Exercise instructions:
Please copy exactly the lines from the top of the data through the line containing "Capture the enchanting", and nothing else.

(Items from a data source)
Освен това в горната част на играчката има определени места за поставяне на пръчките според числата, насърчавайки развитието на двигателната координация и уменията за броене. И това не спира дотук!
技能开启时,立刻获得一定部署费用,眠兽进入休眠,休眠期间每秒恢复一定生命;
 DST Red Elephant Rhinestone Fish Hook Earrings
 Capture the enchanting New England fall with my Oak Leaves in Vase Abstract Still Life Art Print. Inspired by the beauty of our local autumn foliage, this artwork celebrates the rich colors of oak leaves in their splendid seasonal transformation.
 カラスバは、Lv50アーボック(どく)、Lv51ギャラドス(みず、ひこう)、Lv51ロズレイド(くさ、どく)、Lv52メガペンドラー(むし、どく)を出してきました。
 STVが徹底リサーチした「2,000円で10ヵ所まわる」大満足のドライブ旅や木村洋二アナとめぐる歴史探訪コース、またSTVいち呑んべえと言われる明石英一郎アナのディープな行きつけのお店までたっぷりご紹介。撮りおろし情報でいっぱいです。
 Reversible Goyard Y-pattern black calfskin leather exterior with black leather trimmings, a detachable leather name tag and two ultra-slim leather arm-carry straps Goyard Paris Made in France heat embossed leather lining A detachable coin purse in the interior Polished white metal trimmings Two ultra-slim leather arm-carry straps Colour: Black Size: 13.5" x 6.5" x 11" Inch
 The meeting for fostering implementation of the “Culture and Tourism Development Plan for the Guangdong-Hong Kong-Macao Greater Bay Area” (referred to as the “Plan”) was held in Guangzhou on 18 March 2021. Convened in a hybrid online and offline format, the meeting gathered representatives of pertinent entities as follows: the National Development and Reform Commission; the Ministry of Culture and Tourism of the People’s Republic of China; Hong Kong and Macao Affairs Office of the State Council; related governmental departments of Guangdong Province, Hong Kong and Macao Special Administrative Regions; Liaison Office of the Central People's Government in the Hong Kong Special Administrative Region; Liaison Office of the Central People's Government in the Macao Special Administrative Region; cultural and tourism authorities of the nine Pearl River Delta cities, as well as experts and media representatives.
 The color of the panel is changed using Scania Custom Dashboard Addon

Written solution:
Освен това в горната част на играчката има определени места за поставяне на пръчките според числата, насърчавайки развитието на двигателната координация и уменията за броене. И това не спира дотук!
技能开启时,立刻获得一定部署费用,眠兽进入休眠,休眠期间每秒恢复一定生命;
 DST Red Elephant Rhinestone Fish Hook Earrings
 Capture the enchanting New England fall with my Oak Leaves in Vase Abstract Still Life Art Print. Inspired by the beauty of our local autumn foliage, this artwork celebrates the rich colors of oak leaves in their splendid seasonal transformation.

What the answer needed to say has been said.